Ketemu harus cium tangan, kata-kata yang keluar dari mulutnya, sangat
tidak etis untuk dibantah, dan sebagainya. Tipe pemimpin yang merusak
arti kenapa dia harus menjadi pemimpin.
Pemahaman
akan segala bentuk titik permasalahan, dapat dipastikan bahwa semua
pemimpin hebat manapun tak akan mampu menguasai segala sesuatu yang
terjadi secara detail dan objektif. Alasannya sangat jelas. Karena dalam
komposisi masyarakat itu sendiri, terdapat mereka yang lebih mengetahui
tentang suatu hal dan permasalahan mereka masing-masing. Ketika
pemimpin bersikap terbuka, dan mampu membangun keakraban dengan yang
dipimpin, makatitik permasalahan yang rumit dapat terselesaikan dengan
sangat mudah, tentunya sikap keterbukaan dan dialog yang harmonis
diantara mereka.
Disamping
itu, sikap lain keterbukaan seorang pemimpin adalah tidak berharap
penghormatan kepada dirinya secara berlebihan. Inilah yang membuat
keberbatasan itu terjadi. Seperti sikap keterbukaan dalam menerima
sapaan.
Ketika
pemimpin membatasi diri dari sikap keterbukaan dan keakraban, maka
dikhawatirkan dapat berimplikasi terhadap hubungan antar dirinya dan
yang dipimpin, menjadi berjarak. Alur informasi yang seharusnya dapat
mengalir deras, lancar, kualitasnya yang jernih, akan sedikit terganggu,
dan pada akhirnya kebijakan serta jalan keluar yang diambil tidak tepat
amunisi.
Amunisi dari hasil olahan hearing
atau dengar pendapat masyarakat yang langsung merasakan permasalahan di
akar rumput. Kemudian berjalan, dan dipahami oleh pengambil keputusan.

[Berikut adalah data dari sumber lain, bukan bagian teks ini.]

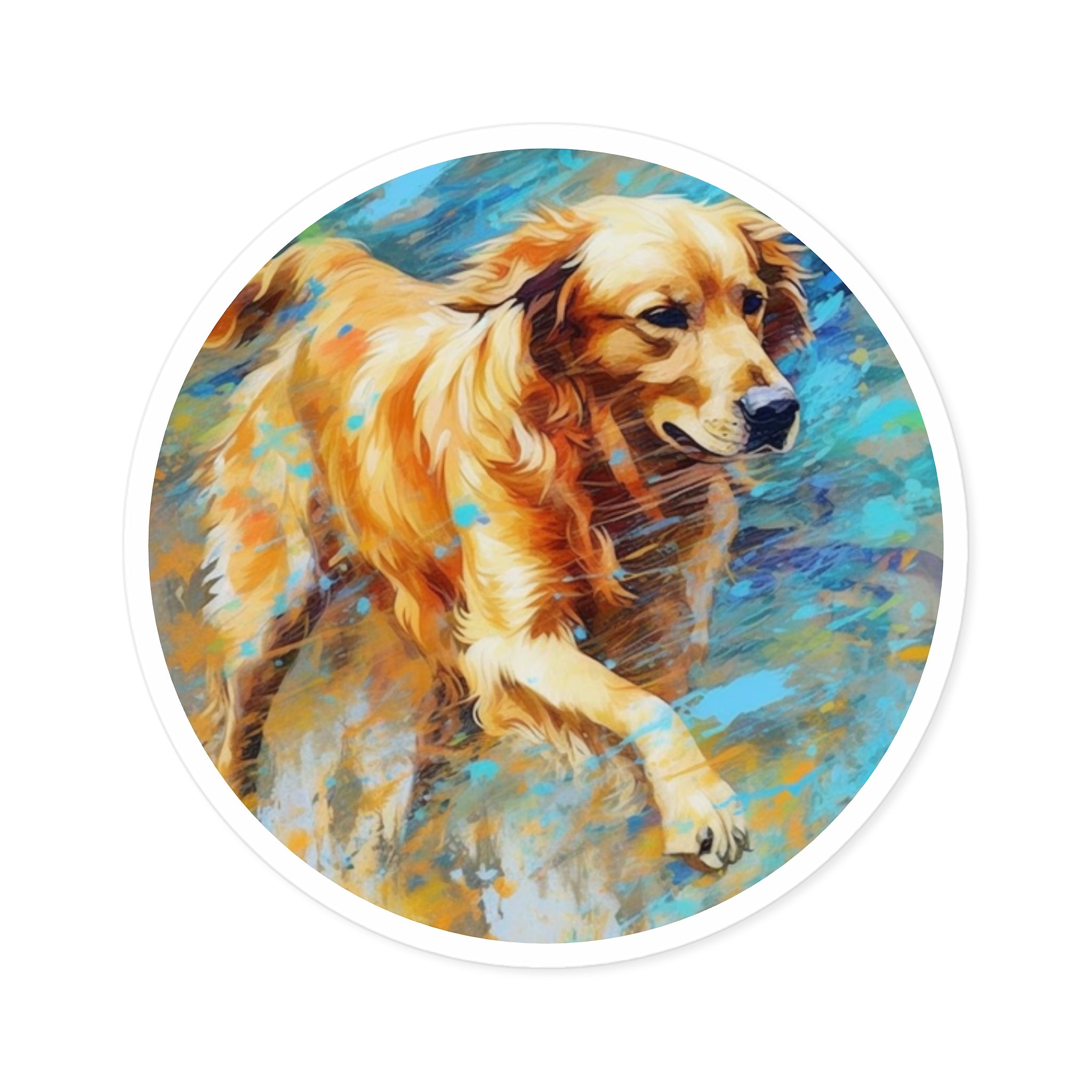 A golden retriever in motion surrounded by vivid splashes of color—expressive, dynamic, and full of energy.Product Features:-Material: Premium Vinyl-Available in 5 sizes-Finish: Matte-Water and scratch...

Permasalahannya amunisi olahan tersebut tak tepat guna. Amunisi
pengambilan kebijakan menjadi sia-sia dan tak dapat berdaya hidup di
tengah-tengah objek ataupun target, kenapa amunisi tersebut harus
dilesakkan dari sarangnya.
Dan
pada akhirnya, bahasa senderhana yang bisa kita ambil sekarang adalah
bagaimana seorang pemimpin harus memiliki sikap keterbukaan yang luas
dan tidak terlalu haus akan penghormatan, apalagi harapan tersebut
dinilai lebay. Seperti
halnya, seorang anak manusia yang kebetulan sudah mengenyam semua level
bangku pendidikan, dan ia berhak menyandang gelar pendidikan tersebut
kemanapun ia pergi.
Namun,
ia harus bermuka merah, atau merasa tersinggung ketika orang selain
dirinya lupa menyebutkan gelar yang dimilikinya. Lalu apa yang terjadi?

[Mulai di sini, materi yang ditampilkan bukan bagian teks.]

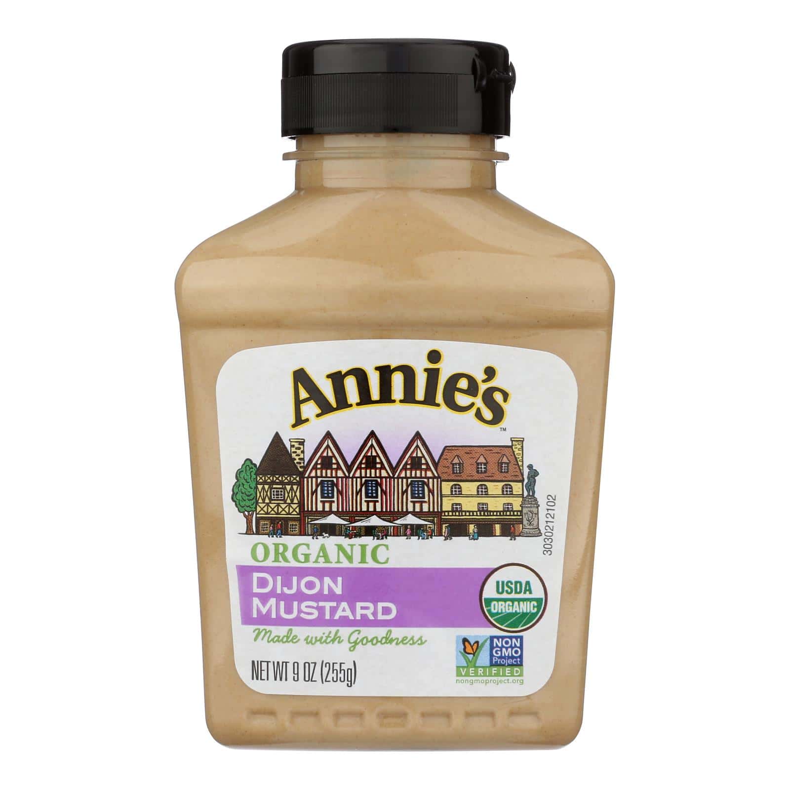 HOW TO DESCRIBE ANNIE?S NATURALS ORGANICS DIJON MUSTARD? CLASSIC, YET EXOTIC. FAMILIAR FLAVOR, YET WITH A GOURMET TASTE. ZESTY AND SHARP FROM INGREDIENTS LIKE DISTILLED WHITE VINEGAR, MUSTARD SEED, SEA SALT AND CLOVE. EVEN BETTER, YOU?LL GET A DISTINCT STONE-GROUND TEXTURE THAT ONLY ADDS TO THE FULL-BODIED FLAVOR OF THIS MUSTARD. OUR MUSTARD IS GLUTEN-FREE AND USDA-CERTIFIED ORGANIC. INCLUDES ONE 9 OZ. BOTTLE OF ANNIE’S NATURALS ORGANICS DIJON MUSTARD. ANNIE?S HAS A COMMITMENT TO BETTERING THE WORLD THROUGH NOURISHING FOODS, HONEST WORDS AND CONDUCT THAT IS CONSIDERATE AND KIND. FROM THE FARMS WE SOURCE OUR INGREDIENTS FROM ALL THE WAY TO THE PACKAGING OUR FOOD IS SHIPPED IN, WE ARE CONSCIOUS NOT ONLY OF YOUR FAMILY?S HEALTH AND WELLNESS, BUT THAT OF THE PLANET.

Kekakuan akan mewarnai hubungan antar mereka. Sehingga esensi dan inti
utama tentang sebuah alasan kenapa mereka harus bertemu, dan berdialog
dengan penuh perhatian antar sesama, akan menjadi punah dan sia-sia
begitu saja.
Lebih-lebih
ketika kita berhasil mengaitkannya dengan pemimpin nyata yang ada dalam
keseharian dimana kita hidup dan sebagainya. Haus akan penghormatan
yang berlebih, membuat proses leadership dan
penerimaan akan ide, menjadi hampa dan tak bernilai. Alih-alih
menyelesaikan permasalahan yang rumit, hal yang sangat sederhana saja,
seringkali memiliki cita rasa yang rumit dan sebagainya.